I immigrated here few years ago under EU rules. But my wife is now an immigration lawyer here, so I know a bit about the process for non-EU immigration and for Brits now, who are basically non-EU/EEA and immigrate under same rules now as rest of world.

In terms of immigrating here under EU rules, that ship sailed 31st December 2020. UK citizens who entered Portugal with the intention of residency before then would have been able to remain, but you can't do that now. Should really have done this last year if serious about it.

Portugal is relatively open to immigration and it is easier to do it here than it would be to most first world countries. You can get a visa to come and work in some circumstances, if you are being transferred or are setting up a company in Portugal. There is another type of visa for "passive income" which is basically for people who won't work in Portugal but will rely on investment and pension income. These take a few months to set up, and need to be done from home country before you enter Portugal, but the thresholds are relatively low financially.

The third option, is that you come here, get a job, start working and then start a process to normalize this legally. It is possible, but it's not easy or quick. Because your 90 day schengen visa will certainly have expired way before your status is legal, you are in a grey area for a long, long time. Technically in Portugal you are legal as long as you have started the process with SEF (even if that process eventually fails) while things are pending. But only in Portugal. It means you basically cannot leave Portugal because you won't get back in, and you don't even want to cross a border going into Spain, because if you get picked up there, they won't care what you say to them about SEF, your schengen visa is not valid, and you'll get deported because you're not there legally.
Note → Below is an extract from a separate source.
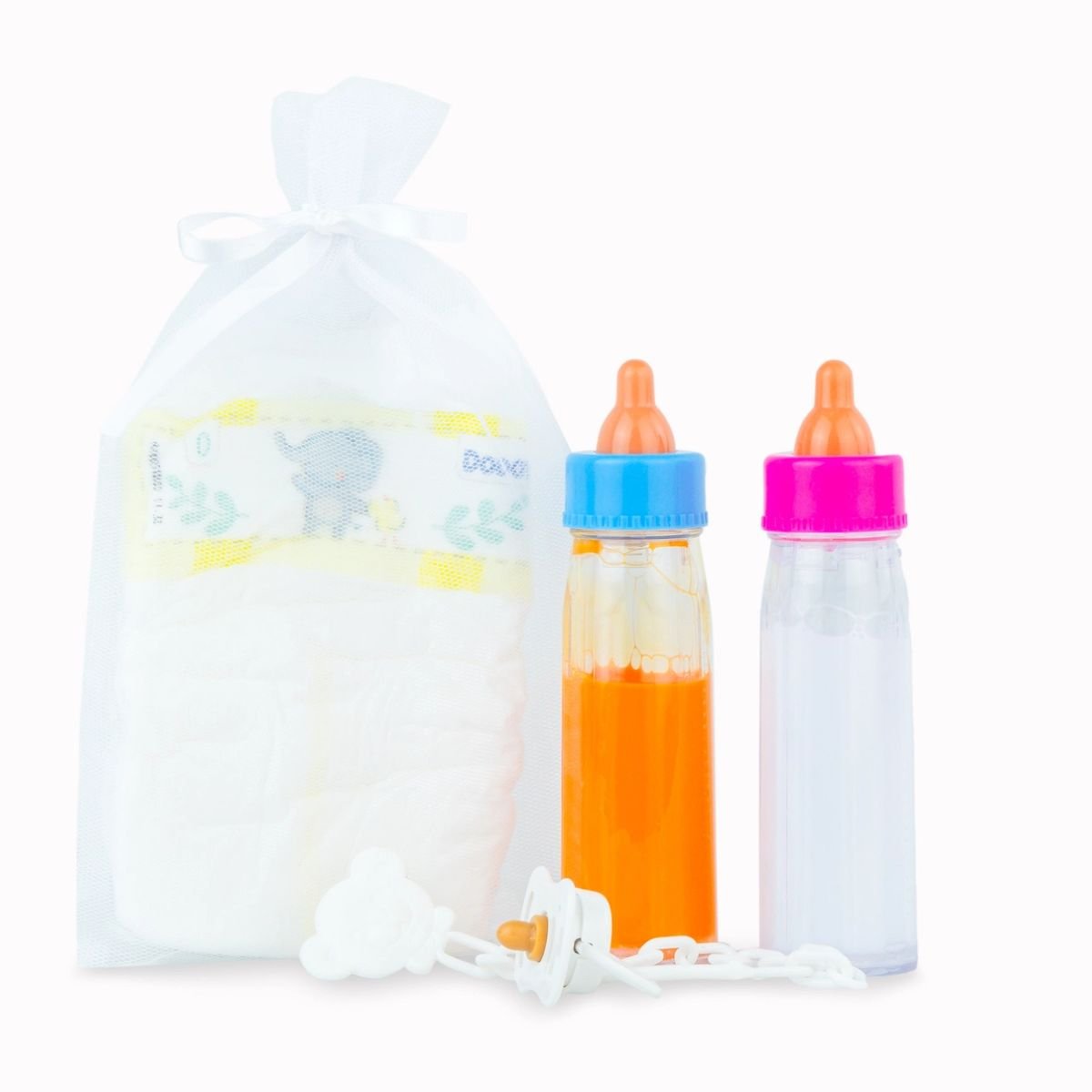 Includes: Diaper, 2 Bottles, Pacifier with Clip, Tulle Bag.

In terms of citizenship, the language test is not difficult. It requires A1/A2 standard. I was in a local class for a year, 5 hours a week. I think everyone who stuck it out passed. My dad is in his 70s and he passed it a year or two back too (though he had done a Spanish night class for 20 odd years that helped). But to actually get a proper job and live here, you really need far better Portuguese than that, at A1/A2 level, people would still struggle to have basic conversations "in the wild". If you really want to get fluent, get yourself a partner who doesn't speak English! Jobs here generally don't pay well, there are many people who speak good English, as well as native Portuguese, so your English ability is not a golden ticket to anything.

I suppose there is also a fourth route (even works in toughest immigration regimes like UK).... how good's your tennis?

Seriously though, from the cases I've seen moving here, the ones that work out best have a good income that they can carry over so they don't need to rely on getting a job in Portugal. That either means they're rich, retired (with regular guaranteed pension) or have an online or remote business with good income that they can run from anywhere. Portugal has great internet, and same time zone as UK. Having some cash in the bank too helps, because if you are fresh off the plane, it's going to be hard to get credit here to buy cars or pay rental deposits.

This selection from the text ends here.